The question is not whether London Breed, the San Fran Mayor can bring the town back. The real question is why should it be brought back? More crime, more corruption, more elitism, more homelessness? Businesses, large and small are leaving town and those that stay are having their workers stay at home—it is safer for them that way.
“The conflict between progressives and moderate Democrats here is over how to reconcile social justice goals with the despair evident within 30 seconds of setting foot on the downtown thoroughfare of Market Street, where drug users make little effort to hide pipes or syringes and the stench of human waste comes in waves. Drug dealers seemingly operate with impunity. The homeless huddle in the doorways of shuttered businesses, their bodies often riddled with sores and scabs.
There is no fight between moderate and progressive Democrats. The two wings of that Party are Socialist and Totalitarian—with either in control San Fran will not stop its collapse. Does it matter if Breed, Weiner or Pelosi run San Fran? This is a town in the midst of a slow motion suicide.
Can London Breed bring back San Francisco?
Alexander Nazaryan, Yahoo News, 2/18/22
San Francisco is only the 17th-most-populous city in the United States, but its politics are, with all due respect, vastly more consequential than those of Jacksonville, Fla., (12) or Columbus, Ohio (14). These hill-studded 47 square miles are a crucible of American liberalism, not to mention the nerve center of Silicon Valley. It is also a study of brutal contrasts, where homeless men in rags watch self-driving Jaguars navigate past yoga studios.

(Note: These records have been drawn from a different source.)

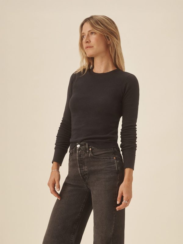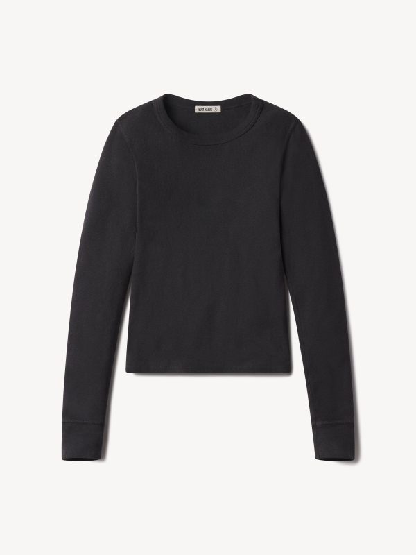 Crafted from a superfine, exceptionally soft cotton rib, this long sleeve is a go-to for effortless wear. It has a slim fit, a wide crewneck, cuffs, and a hip-length hem. Garment dyed and washed with softener for a lived-in feel.
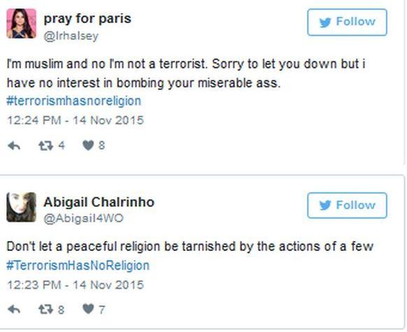 Mișcarea de pe Twitter vine ca urmare a unui val de reacții anti-musulmane apărute după atentatele din Paris.
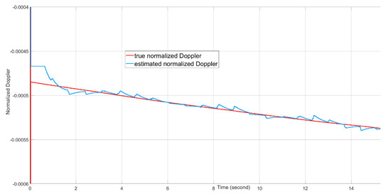 where stands for conjugate operation, is the tone index corresponding to where the CFAR detector output is Boolean value true and denotes evaluating the angle (in radians) of the quantity in the brackets. Equation (11) simply calculates the differential phase of at the tone location between the nth PRI and the th PRI, then normalizes the value by T, fB and 2π. The accumulator after evaluating is the classical proportional–integral (PI) controller (please refer to Figure 17 of [27] for an implementation of a proportional–integral (PI) controller), which takes the instantaneous Doppler estimation value and the initial Doppler parameter as the inputs and outputs the estimated Doppler value Ddop[n].
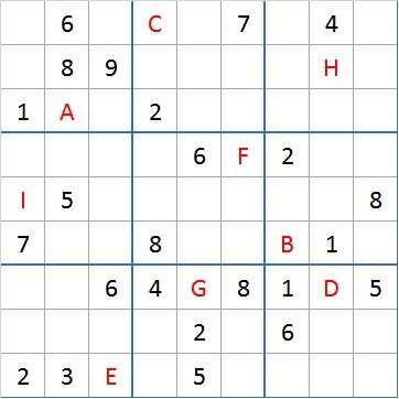 Ratkaise sudoku ja sijoita kirjainten paikalle numerot yllä olevaan kaavaan. Käytä tässä ratkaistuja numeroita kätköille HVU #38 - HVU #49.

Today, the city that paved the way on same-sex marriage and cannabis is facing a grueling and unglamorous challenge: how to keep to its progressive ideals while also keeping people safe amid widely available hard drugs, a police force struggling with recruitment, unaffordable housing and — not least of all — a pandemic that has drained so much life from this famously lively city.
Even though crime has not increased in many categories, burglaries have soared and the mood in the city is markedly dour. And while population decline has been pronounced across all of California, it has been “particularly severe,” as the Wall Street Journal put it, in the greater San Francisco Bay Area, with new arrivals nearly halving in 2020 and departures jumping by 21 percent.
Staving off doom is the work of Mayor London Breed, who recently launched a law-and-order crusade, forsaking (at least rhetorically) progressive commitments in order to acknowledge the grim reality of drug addiction, crime and general disorder. Breed attained instant celebrity —as well as some plaudits from the conservative press, which celebrates San Francisco about as often as it celebrates vegan butcher shops.
“Something’s got to give,” Breed told Yahoo News in a recent interview in her City Hall offices. “Something has got to change.”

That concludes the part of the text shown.